Durch das Hünerdorfer Tor kommen wir vorbei an der großen Hallenkirche St. Stephan und dem alten ehemaligen Schulhaus zum Rathaus.
Das Rathaus mit seiner spätgotischen Schauwand ist der Mittelpunkt der vielen alten Gebäude die sich innerhalb der fast erhaltenen Stadtmauer sich befinden. Viele denkmalgeschützte Häuser befinden sich mit ihren wunderschönen Schmuckfassaden rund ums Rathaus.

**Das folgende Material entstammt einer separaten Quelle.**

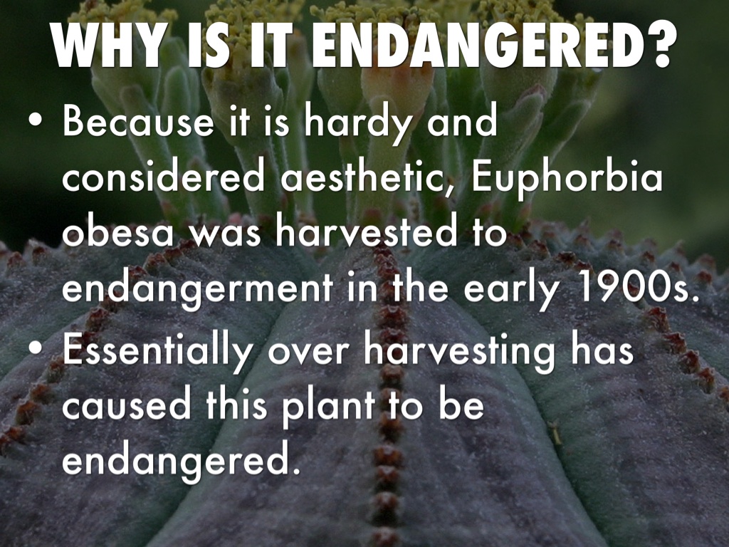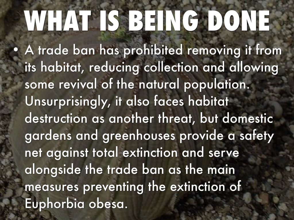 A trade ban has prohibited removing it from its habitat, reducing collection and allowing some revival of the natural population. Unsurprisingly, it also faces habitat destruction as another threat, but domestic gardens and greenhouses provide a safety net against total extinction and serve alongside the trade ban as the main measures preventing the extinction of Euphorbia obesa.
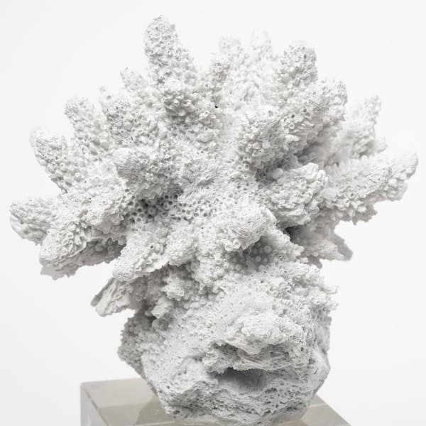 Isla (Large) 10.4 in. H White Replica Resin Coral On Clear White Glass

Zum Tagesausklang ging es in die Alte Schule, wo man an der Schulbank das leckere Kuhschwanzbier genießen konnte. Das alte Schulhaus bietet Einblicke in die Schulzeit ausfrüheren Jahrhunderten und so originell ist auch die Speisenkarte, die man als Schulheft lesen und auch kaufen kann. Auch der Heimweg durchs historisch beleuchtete Tangermünde war sehenswert.
Sonntag Marathontag: Da der Marathonstart um 10 Uhr ist kann man fast noch ausschlafen und in Ruhe frühstücken. Nach 10 Minuten waren wir unten am Hafen. Die ersten Marathonis sammelten sich langsam hinter dem Startbogen.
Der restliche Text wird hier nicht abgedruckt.